Authors: CHOPPING, MARK - Montclair State University; ASLAN, ASLAN - Montclair State University; HOFTON, MICHELLE - University Of Maryland; BLAIR, JAMES - Goddard Space Flight Center; LALIBERTE, ANDREA - New Mexico State University; Rango, Albert

Submitted to: IEEE IGARSS Annual Proceedings
Publication Type: Proceedings
Publication Acceptance Date: 7/15/2010
Publication Date: 7/25/2010
Citation: Chopping, M., Aslan, A., Hofton, M., Blair, J., Laliberte, A.S., Rango, A. 2010. Precision of LVIS and MISR canopy height estimates for desert grassland shrub canopies assessed with field and UAV estimates in multiscale approach [abstract]. 2010 IEEE International Symposium on Geoscience and Remote Sensing. July 25-30, 2010, Honolulu, Hawaii.

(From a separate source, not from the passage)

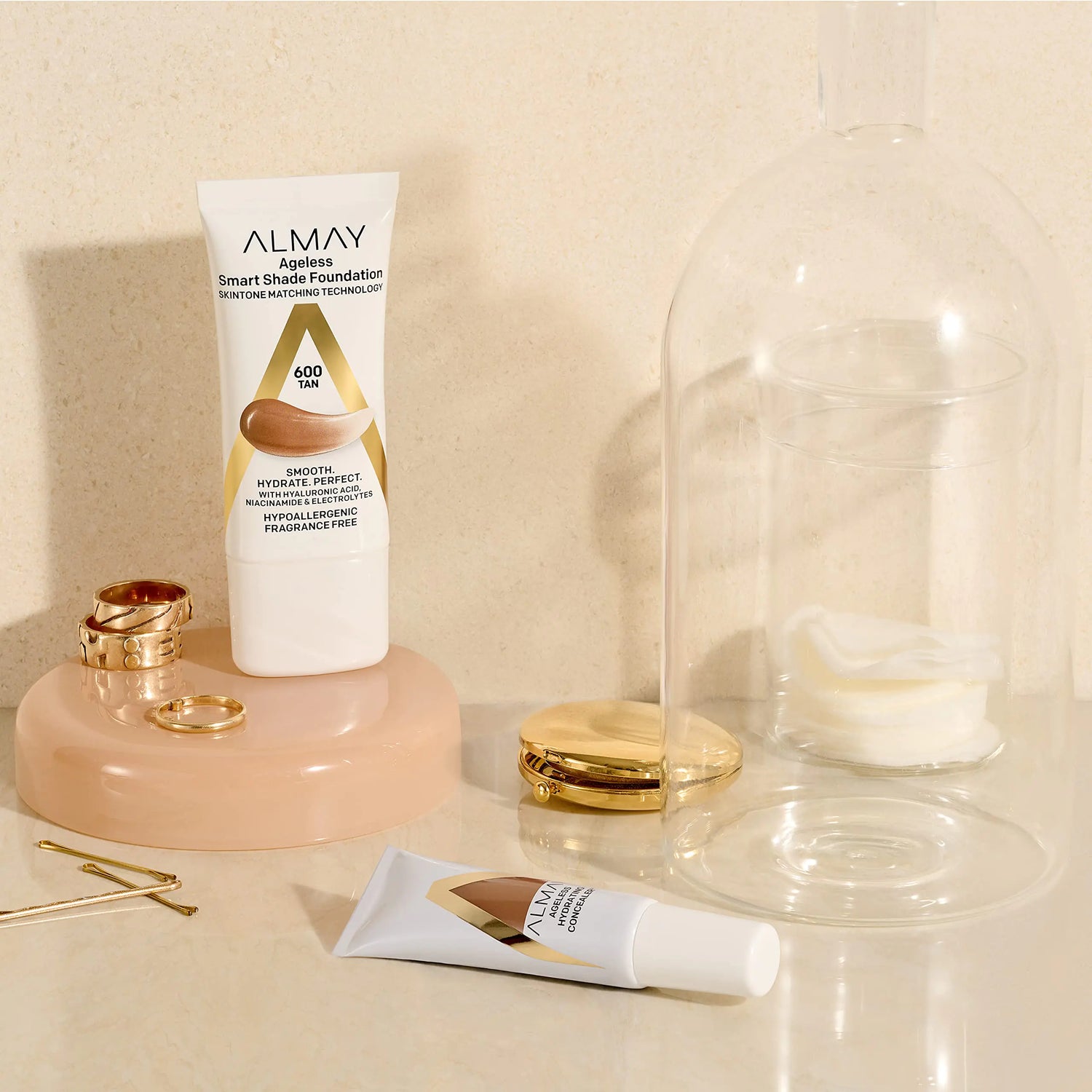 Almay’s new and improved hypoallergenic Smart Shade Foundation delivers your perfect shade match while encouraging you to embrace your skin no matter your age. The lightweight, medium-coverage, natural finish liquid foundation starts out white (like its predecessor) and transforms to your ideal shade as you blend. The formula now has a skin-reviving complex made up of a team of skin- caring ingredients that work to replenish, smooth, and protect skin. Niacinamide helps even skin tone and reduce the appearance of discoloration. Hyaluronic acid hydrates and plumps the look of skin. Electrolytes contribute to well-balanced skin and help skin retain its moisture. Vitamins C and E protect against environmental aggressors. Upon application skin looks fresh and feels moisturized and comfortable—no caking. In just two weeks, skin appears lifted and smooth, and wrinkles appear minimized. Plus, not only is Ageless Smart Shade Foundation gentle on skin, it is gentle on the earth. The cap is made from 90% PCR material and the tube is made from 72% PCR material. As always, this Almay product is suitable for sensitive skin, hypoallergenic, dermatologist tested, clean, cruelty free, and fragrance free. It is also formulated without added parabens, mineral oil, DMDM Hydantoin, and palm oils.

TUP2.PM.7.

Interpretive Summary:

Technical Abstract: Many science questions in large-scale terrestrial ecology are concerned with changes in the Earth’s carbon cycle and ecosystems and the consequences for the Earth's carbon budget, ecosystem sustainability, and biodiversity [1]. To address these questions, we must know the distribution of aboveground woody carbon stocks; how much, where, and why woody carbon stocks are changing; and what proportion of the annual net flux to/from land is the result of disturbance and recovery [2]. These questions can be addressed using measures of forest canopy physical structure (horizontal and vertical distributions) through the synergistic use of data from lidar and radar remote sensing instruments [3]. Although satellite systems with global observing capability are at least eight years away [4] many studies are being conducted to assess the capabilities and limitations of these technologies. It is known that full waveform lidar can provide good estimates of various canopy parameters, including height, in mediumdensity temperate forests, while performance in dense tropical and boreal forest and in shrub canopies is less well-defined. While savannas and grasslands with shrubs are low biomass environments, they are extensive, occupying around 40% of the terrestrial land area. The goal of the research described here was thus to determine the performance of the NASA Laser Vegetation Imaging Sensor (LVIS) in estimating canopy height and aboveground standing live woody biomass in desert grasslands in southern New Mexico, USA, a region in which shrubs have mostly displaced native grasslands over the last 120 years.